The final step in overcoming depression is to let go of the past. A woman shared that her best friend ran off with her husband ten years earlier. She was deeply hurt by this incredible betrayal. She thought her life was ruined by those adulterers, and there was nothing she could do about it. For ten years she smoldered in bitterness and depression. Feelings of resentment and plots of revenge ruminated in her mind. I told her, I see you with one fist extended up to heaven where God has a firm grip on you. Your other fist is hanging on to your past and you aren’t about to let go. You are not even hanging onto God, but your heavenly Father is hanging on to you, His beloved child. Isn’t it time to let it go? You are only hurting yourself. At the end of the conference she worked through the “Steps To Freedom In Christ,” and she let it go. The next morning she was singing in choir with a countenance of a liberated child of God.

Once I held in my tightly clinched fist . . . ashes. Ashes from a burn inflicted upon my ten year-old body. Ashes I didn’t ask for. The scar was forced on me. And for seventeen years the fire smoldered. I kept my fist closed in secret, hating those ashes, yet unwilling to release them. Not sure if I could. Not convinced it was worth it. Marring the things I touched and leaving black marks everywhere . . . or so it seemed. I tried to undo it all, but the marks were always there to remind me that I couldn’t. I really couldn’t.  But God could! His sweet Holy Spirit spoke to my heart one night in tearful desperation. He whispered, “I want to give you beauty for your ashes, the oil of joy for your mourning and the garment of praise for your spirit of heaviness.” I had never heard of such a trade as this: Beauty? Beauty for ashes? My sadly stained memory – for the healing in His word. My soot-like dreams for His songs in the night? My helpless and hurting emotions for His ever constant peace?
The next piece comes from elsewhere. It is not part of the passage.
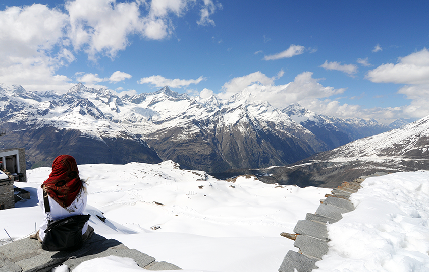 เส้นทางรถไฟ Zermatt – Gornergrat เป็นเส้นทางขึ้นภูเขาสูง ใช้เวลาทั้งหมดประมาณ 40 นาที โดยรถไฟแวะจอดสถานีกลางทาง 4-5 สถานี สำหรับให้นักท่องเที่ยวลงเล่นสกีกัน หลังจากรถไฟออกจาก Zermatt ระหว่างทางผมเห็นเมือง Furi มีกระเช้าขึ้นเขาอีกลูกหนึ่ง เสียดายว่าพวกเรามาพักที่นีแค่วันเดียว เอาไว้ถ้าได้มา Zermatt อีกต้องเดินไปเหยียบเมือง Furi แน่นอน กลับมาที่เส้นทางรถไฟกันต่อ หลังจากรถไฟจอด 2-3 สถานี วิวสองข้างทางก็เต็มไปด้วยหิมะ ขาวโพลนไปหมดครับ เราโชคดีที่วันนี้ท้องฟ้ามีเมฆไม่มาก ถือว่าฟ้าใสพอสมควรครับ รถไฟวิ่งไม่นานก็ถึงสถานีสุดท้าย Gornergrat บรรยากาศข้างบนนี้มีชีวิตชีวาจริงๆ ครับ ทุกคนยิ้มแย้มแจ่มใส ดีใจที่ได้พิชิตยอดเขาสูง 3089 เมตร พร้อมกับถ่ายรูปกับป้ายเป็นที่ระลึกกัน ช่วงเวลานั้นมีก้อนเมฆหนาบดบังยอดเขา Matterhorn อยู่ เราจึงไม่ได้เห็นยอดเขาชื่อดังนี้มากนัก แต่บริเวณนั้นก็มียอดเขาอื่นที่สูงกว่า Matterhorn อยู่หลายยอด เพียงแต่รูปร่างของยอดเขาไม่สวยเหมือนกับยอดเขา Matterhorn พวกเราเดินขึ้นไปที่จุดสูงสุดของ Gornergrat สนุกกับการชมวิว 360 องศาและถ่ายรูปเล่นกับหิมะอยู่เป็นชั่วโมงครับ โชคดีที่ใส่เสื้อผ้ามาเต็มสตีมครับ เลยไม่ค่อยรู้สึกหนาวเท่าไหร่ ยกเว้นหัว พอดีผมลืมหมวกไหมพรมใว้ในรถ ตอนขับรถไปจอดฝากไว้ที่โรงแรมลืมหยิบมาด้วย เลยต้องเอาผ้าพันคอสีขาวชมพูของพิงพันหัวกับหูไว้เหมือนคุณหญิงแต้วเลย

How could I be so stubborn as to refuse an offer such as this? So willingly, yet in slow motion and yes, while sobbing, I opened my bent fingers and let the ashes drop to the ground. In silence, I heard the wind blow them away. Away from me . . . forever. I am now able to place my open hands gently around the fist of another hurting soul and say with confidence, “Let them go. There really is beauty beyond your comprehension. Go ahead – trust Him. His beauty for your ashes. Author Unknown.